Activity >> In the data below, locate the line containing "道桥科研团队采用专用设备针对" and the line containing "Ich habe den", then retype both and everything between them exactly. Pictures are not part of the copy.

Source material >>
=======
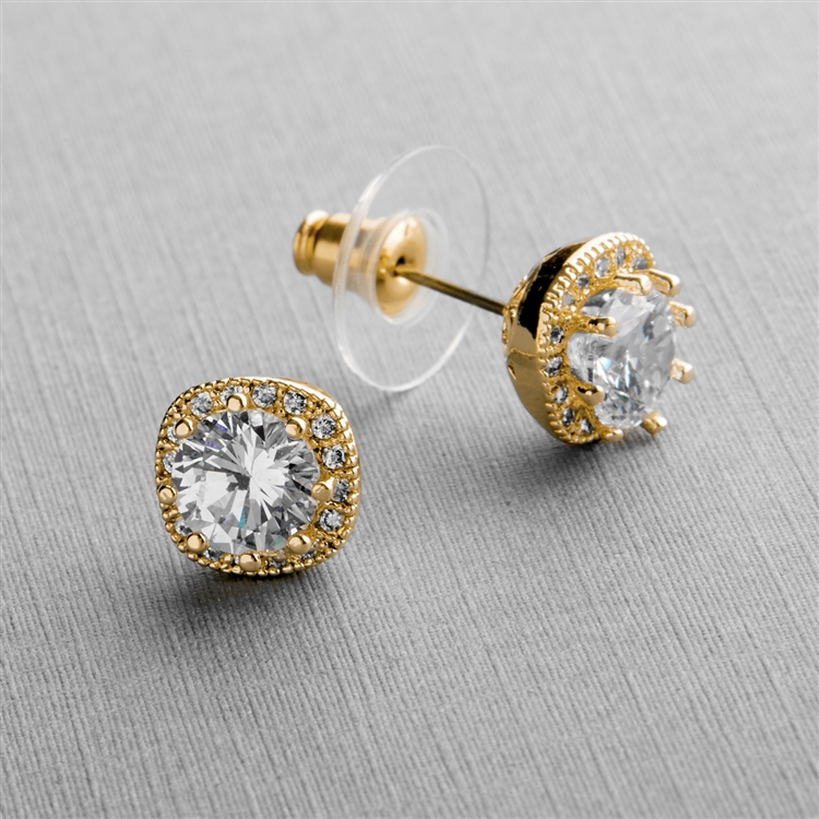 Gold Cushion Shape CZ 10mm Halo Stud Earrings with Round Cut Solitaire
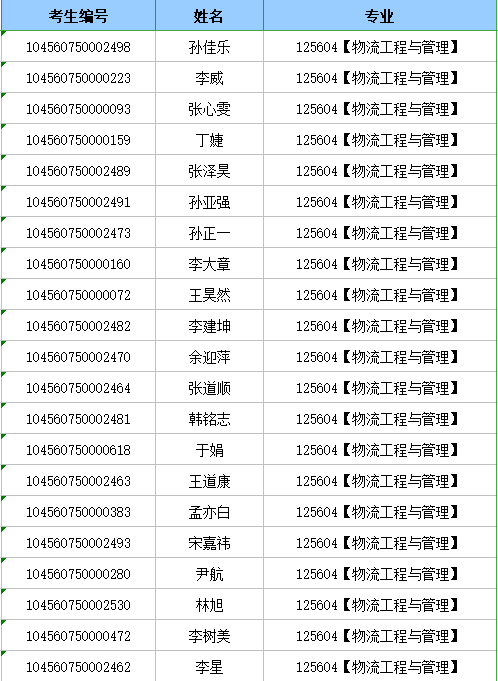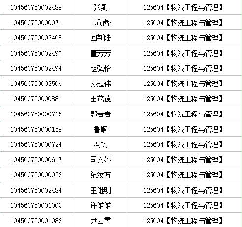 山東財經大學MEM物流工程與管理(125604)研究生錄取名單:
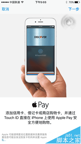 ▼然後進入到Apple Pay的介紹頁,點右上方的“下一步”繼續;
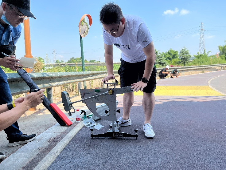 道桥科研团队采用专用设备针对试验段4种不同路面结构的构造深度、抗滑性能及平整度进行检测,根据自行车专用道交通特性,提出了专业建议。
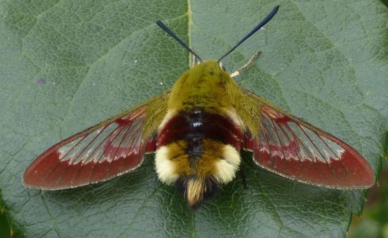 Ich habe den Hummelschwärmer auf einem Rosenblatt sitzen sehen. Hat sich kaum gerührt.
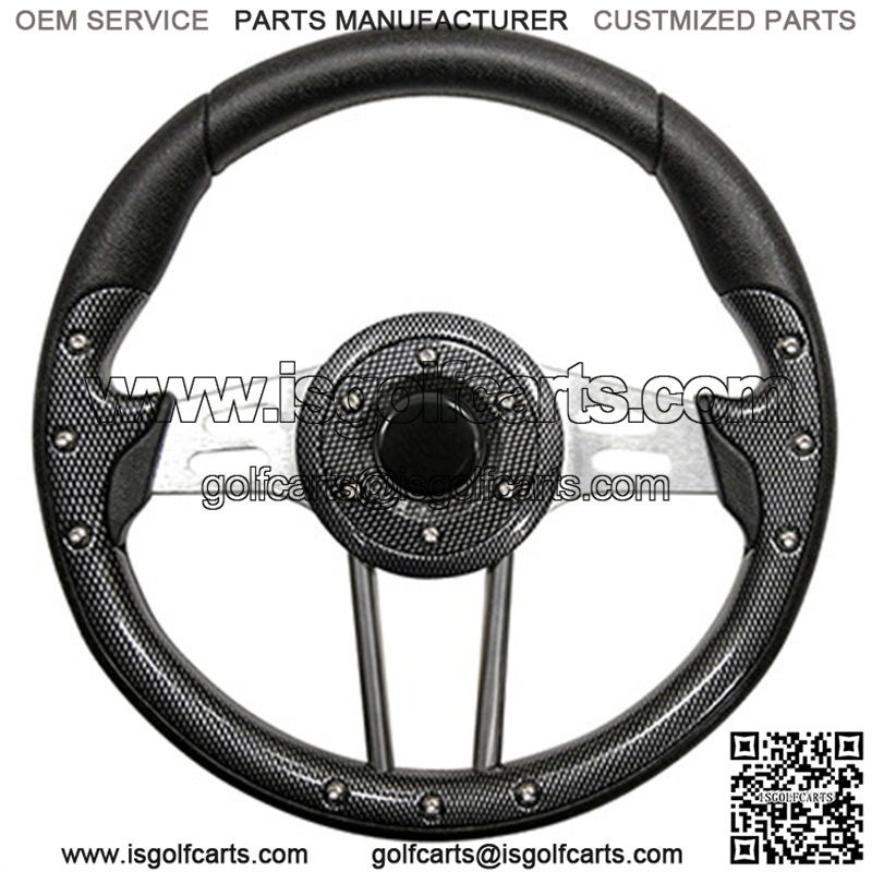 Give your golf cart a high-end sporty feel with this race-inspired Aviator Carbon Fiber golf cart steering wheel from ! Works with all EZ-GO Golf Cart models and model years; just select your steering wheel adapter color from the drop-down menu above!This high performance Carbon Fiber/Aluminum steering wheel is an easy way to upgrade both the look and feel of driving your golf cart. The ergonomically designed hand grips feel much more comfortable than stock steering wheel grips and look beautiful!Works For: All EZ-GO golf carts (, RXV, , P, , and more)Steering Wheel Color: Carbon Fiber Grips / Aluminum SpokesAdapter Color: Please choose aboveWeight: 5.75 Lbs.Warranty: One YearInstallation: Installation Video below (installed on a similar golf cart)
=======
Expected output >>
 道桥科研团队采用专用设备针对试验段4种不同路面结构的构造深度、抗滑性能及平整度进行检测,根据自行车专用道交通特性,提出了专业建议。
 Ich habe den Hummelschwärmer auf einem Rosenblatt sitzen sehen. Hat sich kaum gerührt.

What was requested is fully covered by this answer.